Supply chains are critical to millions of organizations around the world. In some cases, 50% to 80% of a company’s costs can be directly linked to the supply chain.
In fact, one of the most common key performance
indicators (KPIs) across all companies within the industry is delivering products to the customer on time, and if there were an interruption, it would represent a failure within the process.
“… 70% of organizations surveyed indicated that they had experienced some type of disruption in their supply chain. Within that same group, 2% of those surveyed revealed that they had suffered a loss of more than $50 million due to such disruptions.”
Dun & Bradstreet experts often express surprise at the fact that many companies have little knowledge about which of their larger suppliers have risks and exposures from smaller suppliers. In short, they don’t know who supplies their suppliers.
Known as Tier N, these smaller entities branch out to several lower levels within the supply chain, and little is known about their risk exposures. In some cases, these organizations are shrouded in mystery compared to the transparency of larger suppliers.
This lack of visibility translates into vulnerability
Not knowing the depth of your supply chain leaves you at the mercy of unfortunate disruptions within normal situations that can end up costing tens of millions of dollars. However, gaining a deep understanding of your supply middle east mobile number list chain is harder than it seems. Data in your supply network is often fragmented, unreliable, and layered across multiple locations and business entities.

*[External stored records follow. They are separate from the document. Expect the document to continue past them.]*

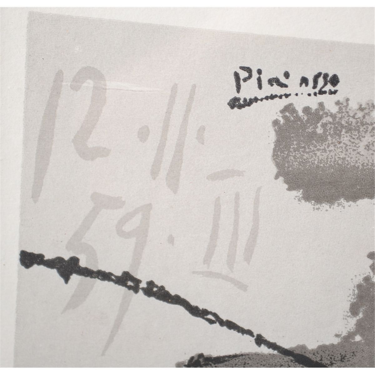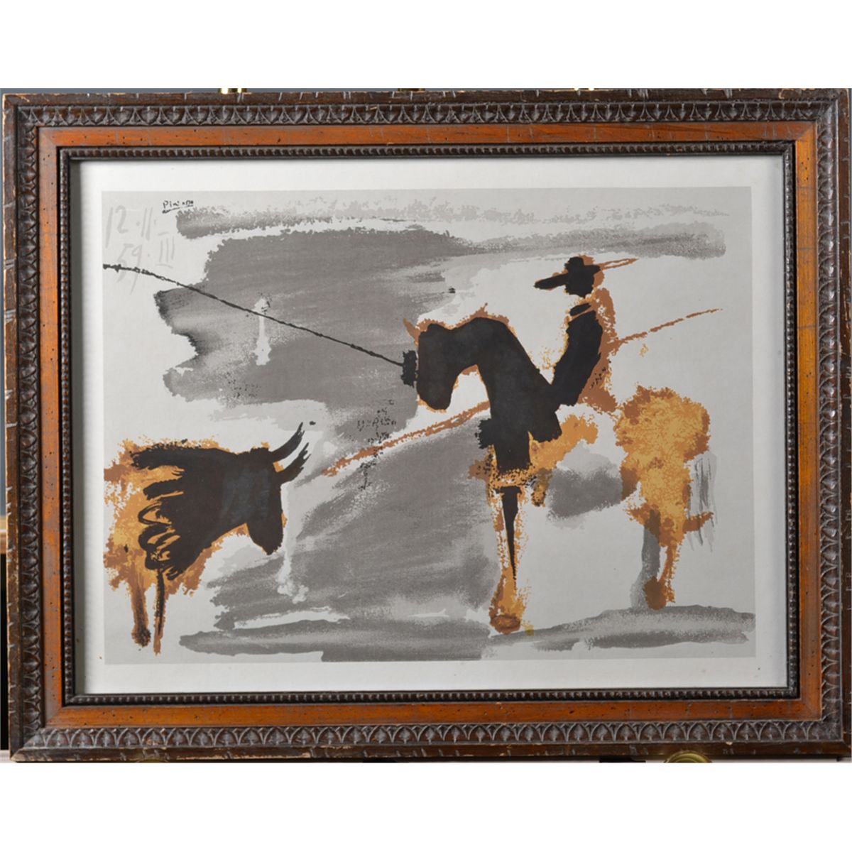 Silkscreen litho in five colors depicting a bullfight scene in Modern stylized fashion. Dated 12-11-59 and signature printed in UR. 16" H x 22" W, sight, 22.5" H x 28.5" W, framed in a two tone brown wood frame and framed behind glass, with Catalda Fine Arts Inc. N.Y. NY label en verso with title. Circa mid 20th century. Private collection Oxford, MI.
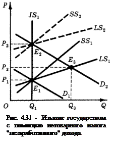 На рис. 4.31 линия D1 - это первоначальное положение линии спроса, линии IS1, SS1, LS1 -линии предложения в мгновенном, коротком и длительном периодах. Первоначальное равновесие характеризуется объемом рынка Q1 и равновесной ценой P1.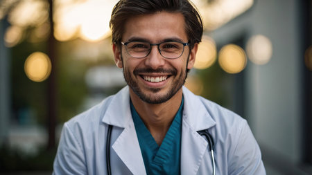 Young male doctor smiling outdoors during sunset in a professional medical coat with a stethoscope around his neck.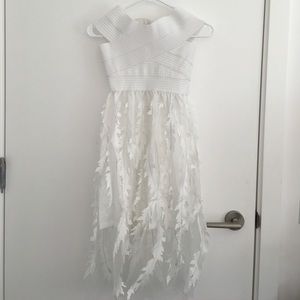 NOT for love and lemons - listed for exposure. Boutique item - I only have one! This dress is gorgeous and super unique. The top is stretchy and comfortable, while fitting. Can be worn off the shoulder or slightly on. The bottom skirt part has an inner layer that's short and a semi sheer outer layer with 3D leaves. Looks especially amazing for the summer at any outdoor event. Fits sizes XS - S. I am extremely careful in picking boutique items - they are all very high quality - see reviews.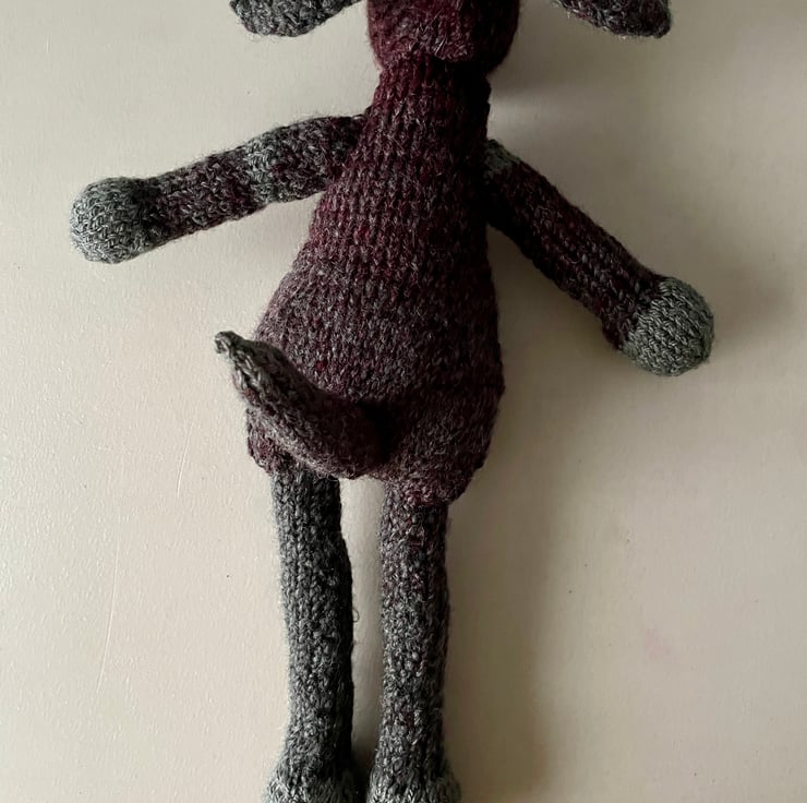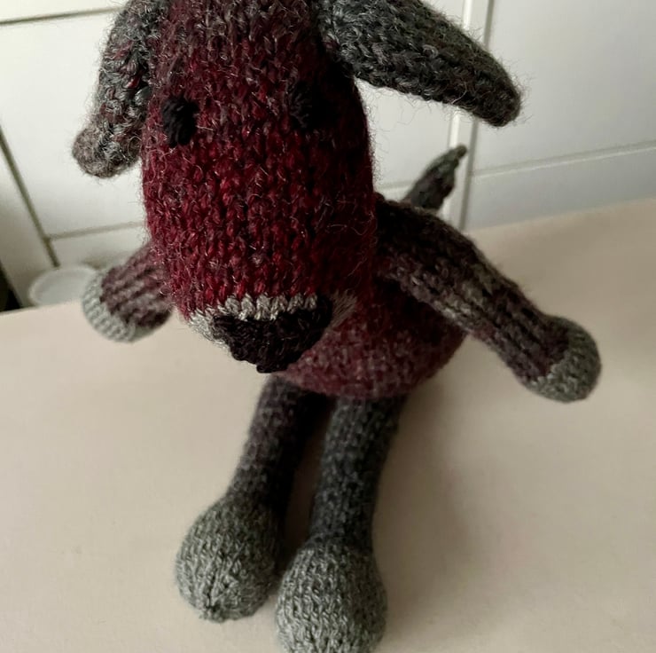 Dog is hand knitted from grey and burgundy chunky knitting wool and is filled with soft toy filling which complies to BS1425, BS5852 and EN71 standards. The eye and claw details are hand embroidered with black double knitting wool. (matches listing of unisex cardigan with toggles)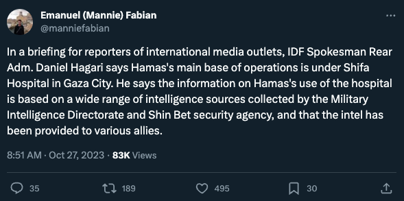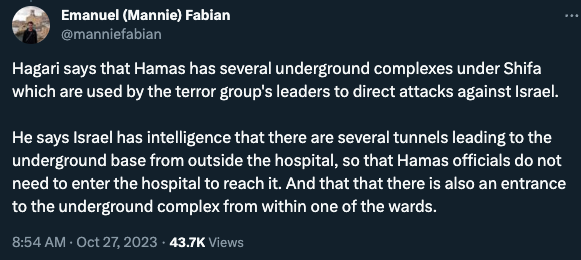 I'm inclined to believe this claim because (1) it is absolutely exactly the sort of thing Hamas does; (2) the reporting on this has been persistent and broad; (3) I am extremely doubtful Israel would deliberately blow up a hospital unless they had a strong operational reason for doing so, especially given the blowback they got the last time they were accused of striking a hospital.

Even if you manage to create an accurate map of your supply chain, the data collected can become outdated very quickly.
Most global organizations are at risk of a disruption in their supply chain
So how serious are these disruptions? According to a 2016 BCI Supply Chain Resilience survey, 70% of organizations surveyed indicated they had experienced some form of supply chain disruption. Within that same group, 2% of those surveyed covid-19 Impact Index revealed they had suffered a loss of more than $50 million due to such disruptions.
Top 5 Causes of Supply Chain Disruption
- Unplanned IT and telecommunications outages.
- Loss of workers.
- Cyberattacks and data leaks
- Transmission network interruption.
- Failures in the subcontracting process
And where are these disruptions happening? Mostly with Tier 1 direct suppliers, but nearly half are with Tier N suppliers, and many companies are not actively analyzing where exactly these disruptions are happening and why. Too many organizations take the blasé attitude of, “It’s happening at Tier 1? I don’t know anything about it. There’s not much that can be done.”

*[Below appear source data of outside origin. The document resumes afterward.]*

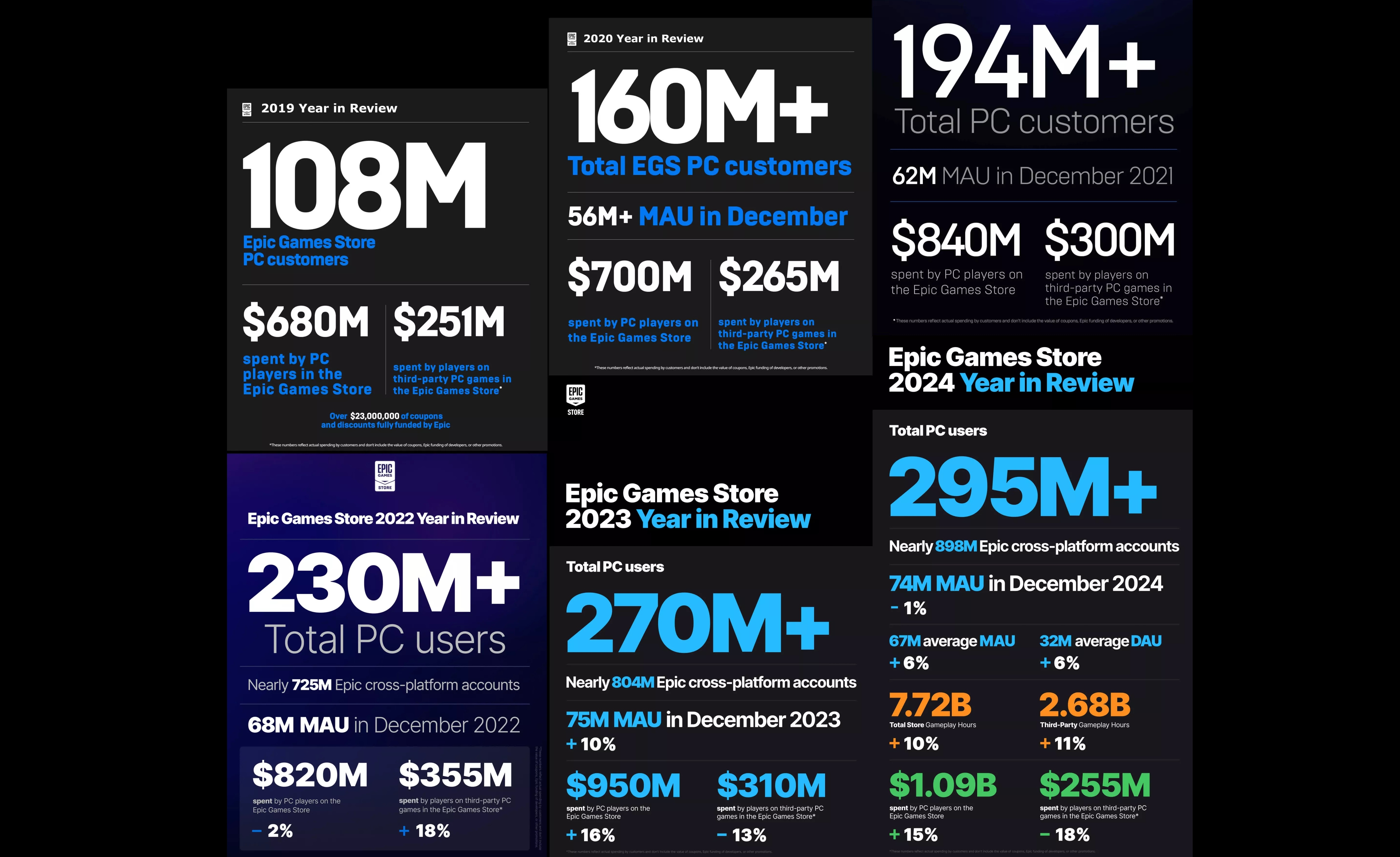 Ayrıca aynı dönemde Epic Games Store’un PC kullanıcı sayısı yüzde 173 artarak 108 milyondan 295 milyona ulaştı. Veriler, birçok kullanıcının mağazayı oyun satın almak yerine ücretsiz dağıtılan yapımları toplamak için kullandığını düşündürüyor. Epic’in yüksek profilli özel oyun hamleleri de beklenen etkiyi yaratmış görünmüyor. Toplam mağaza gelirleri ise farklı bir yönde. Fortnite mikro ödemelerinin etkisiyle Epic Games Store’un toplam geliri 2019’dan 2024’e yüzde 60 artarak 680 milyon dolardan 1,09 milyar dolara yükseldi. Buna karşın üçüncü parti oyun satışlarının toplam gelir içindeki payı her yıl yüzde 50’nin altında kaldı ve 2022’den bu yana gerilemeye devam etti.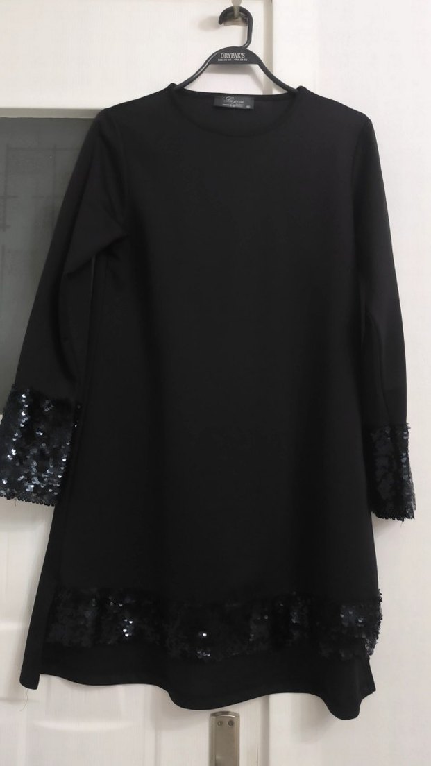 Siyah uzun kollu, bol kesim tunik, kol ve etek uçlarında fırfır ve payet detaylarıyla gotik parti tarzı için uygundur.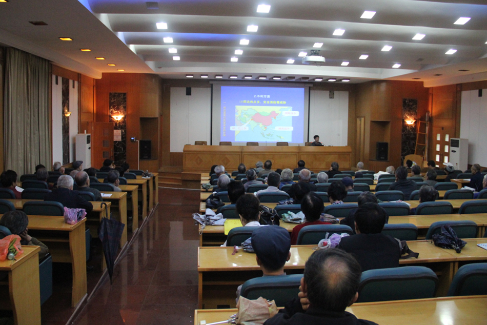 为了满足离退休工作处老同志们对于国防、军事方面知识的需求,增强老同志们的国防意识,5月10日上午,离退休工作处特邀知名军事专家、教育部国防教育指导委员会委员、我校军事教研室主任李先德教授在图书馆学术报告厅做了一场题为《中国周边安全环境》的讲座。讲座由离退休工作处处长吴志祥主持。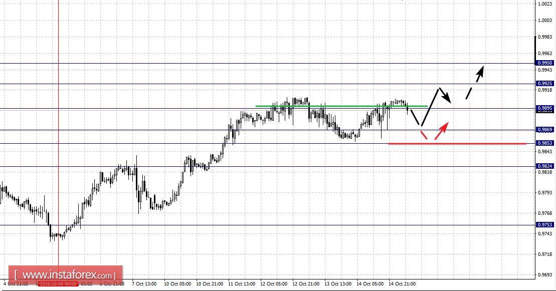 Краткосрочное движение книзу возможно в коридоре 0.9869 – 0.9853, пробой последнего значения приведет к углубленной коррекции, здесь цель – 0.9824, этот уровень является ключевой поддержкой для верха.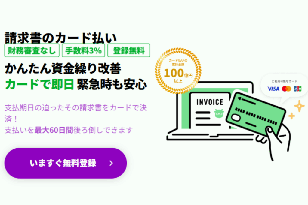請求書カード払いは買掛金の支払いを遅らせるサービスなのでアプローチが逆です。コスト面でも請求書カード払いの方が有利で、「短期的に支払いを延ばしたい」場合に向いています。

These companies must take a proactive stance to address these disruptions fans data and learn how to prevent their negative impacts on the entire organization. The three main issues we must consider when analyzing the sub-levels of the supply chain are:
The 3 points to consider when analyzing the sub-levels of the supply chain are:
- Sudden risk of changing regulations or natural hazards: This may manifest itself in the form of legislation passed in the country where your Tier N supplier is located. It may also be the case where your supplier resides in a high geographic risk region of the world. For example, the current global Covid-19 emergency has led to the temporary disruption of certain facilities around the world and all types of industries.
- Poor visibility: Tier N suppliers are difficult to identify. Some reside in unstable countries subject to the whims of changing governments or competing factions. You can adjust your supply chain if you know a specific Tier N supplier makes items in a country on the brink of civil war. 54% of executives admit their companies don’t look beyond Tier 1 (KPMG).